You may also enjoy Apple's federated evaluation and learning system design, TransFuse: Fusing Transformers and CNNs for Medical Image Segmentation, and more!
As always, happy reading and hacking. If you have something you think should be in next week's issue, find us on Twitter: @dl_weekly.
Until next week!
“I wasn't proud of it, and neither were my coworkers. But that's life in today's China.”
Margaret Mitchell was the co-leader of a group investigating ethics in AI, alongside Timnit Gebru, who said she was fired in December.
An IBM researcher found his name on two papers with which he had no connection. A different paper listed a fictitious author by the name of "Bill Franks."
The dream of autonomous vehicles is that they can avoid human error and save lives, but a new European Union Agency for Cybersecurity (ENISA) report has found that autonomous vehicles are “highly vulnerable to a wide range of attacks” that could be dangerous for passengers, pedestrians, and people in other vehicles.
A new game will let you control the armed bot as it rampages through a gallery.
Photomath, the popular mobile app that helps you solve equations, has raised a $23 million Series B funding round led by Menlo Ventures.
Mobile + Edge
Customers can create voice models within their browsers instantly, using Picovoice Console. Once the models are trained, they can be downloaded and loaded onto a microcontroller using Picovoice Shepherd, without any embedded expertise.
Use ML Kit’s On-device API to translate text.

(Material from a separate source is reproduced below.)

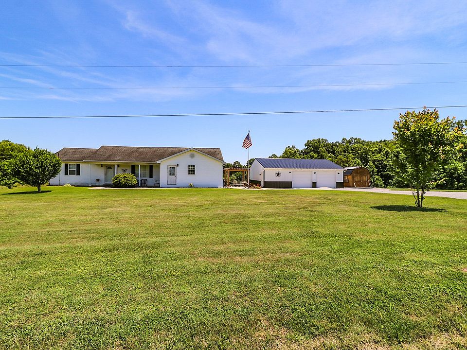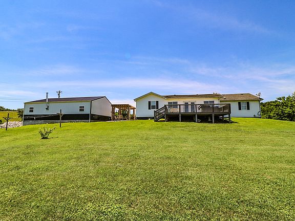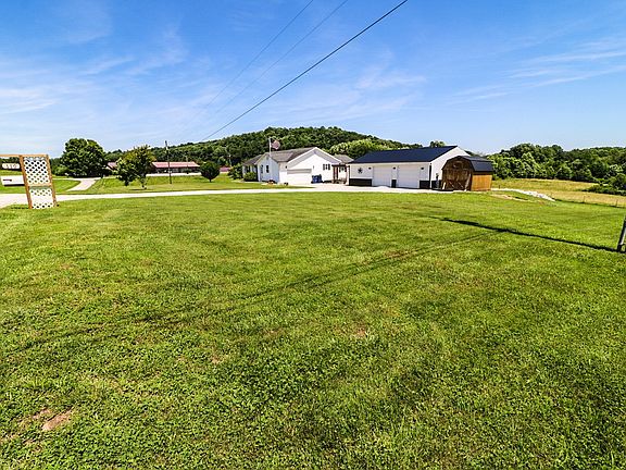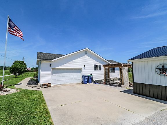 This open concept home for sale is located at 110 Cains Store Cemetery Road in Nancy Kentucky. Only minutes from The Cumberland Parkway and beautiful Lake Cumberland. Nestled in gorgeous Kentucky farmland you will find this spacious 3 bedroom 2 bath home that was built in 2000, along with a large 1200 sq ft detached garage and a 10x12 storage building. Upon entering the home you will find an open concept with the kitchen, dining area and living room all open to each other with vaulted ceilings. The master bedroom with ensuite bath are on one side of the home and the other 2 bedrooms and shared bath are on the other side of the home. Across the back of the home you will find a 10 x 24 sunroom that is heated and cooled that opens up to the back deck where you can sit for house in your hot tub enjoying the peaceful farm views. There is a really nice 30 x 40 detached garage that has poured concrete floors, and electric. The walls are insulated and the garage is even set up for a wood stove for those chilly Kentucky winter days while you are out there working on your special project. Between the home and garage is a nice sitting area with pergola and firepit. Plenty of room on these 2 acres for a few livestock or really large garden. Sellers are offering a 1 year home warranty at closing for the buyers as well !Located only 15 minutes from Lees Ford Marina in Nancy, Ky - 20 minutes from Somerset, Ky - 23 minutes from Russell Springs, Ky and 28 minutes from Liberty, Ky

Recogni, a startup designing an AI-powered vision recognition module for autonomous vehicles, today announced it raised $48.9 million.
Edge chipsets are here to stay and improve how people use and produce data. With the pairing of AI, every task, no matter how small, becomes simpler.
This post covers DreamerV2, the first world model-based Reinforcement Learning agent to achieve top-level performance on the Atari benchmark, learning general representations from images to discover successful behaviors in latent space.
Apple has laid out the design characteristics of a new generic system that enables federated evaluation and tuning (FE&T) systems on end-user devices.
Google announced the release of Model Search, an open-source, domain-agnostic AutoML platform that helps researchers to efficiently and automatically develop optimal ML models.
Check out the new Cinematic photos feature in Google Photos, where ML is used to add simulated camera motion and parallax to a single-frame still photo, transforming a 2D photo into a more immersive 3D scene.
This project provides responsible AI user interfaces for Fairlearn, interpret-community, and Error Analysis, as well as foundational building blocks that they rely on.
Bayesian optimsation library developed by Huawei Noah's Ark Decision Making and Reasoning (DMnR) lab. The winning submission to the NeurIPS 2020 Black-Box Optimisation Challenge.
AIST Dance Video Database (AIST Dance DB) is a shared database containing original street dance videos with copyright-cleared dance music. Project website here.
Abstract: To make off-screen interaction without specialized hardware practical, we investigate using deep learning methods to process the common built-in IMU sensor (accelerometers and gyroscopes) on mobile phones into a useful set of one-handed interaction events. We present the design, training, implementation and applications of TapNet, a multi-task network that detects tapping on the smartphone. With phone form factor as auxiliary information, TapNet can jointly learn from data across devices and simultaneously recognize multiple tap properties, including tap direction and tap location. We developed two datasets consisting of over 135K training samples, 38K testing samples, and 32 participants in total. Experimental evaluation demonstrated the effectiveness of the TapNet design and its significant improvement over the state of the art. Along with the datasets, (this https URL), and extensive experiments, TapNet establishes a new technical foundation for off-screen mobile input.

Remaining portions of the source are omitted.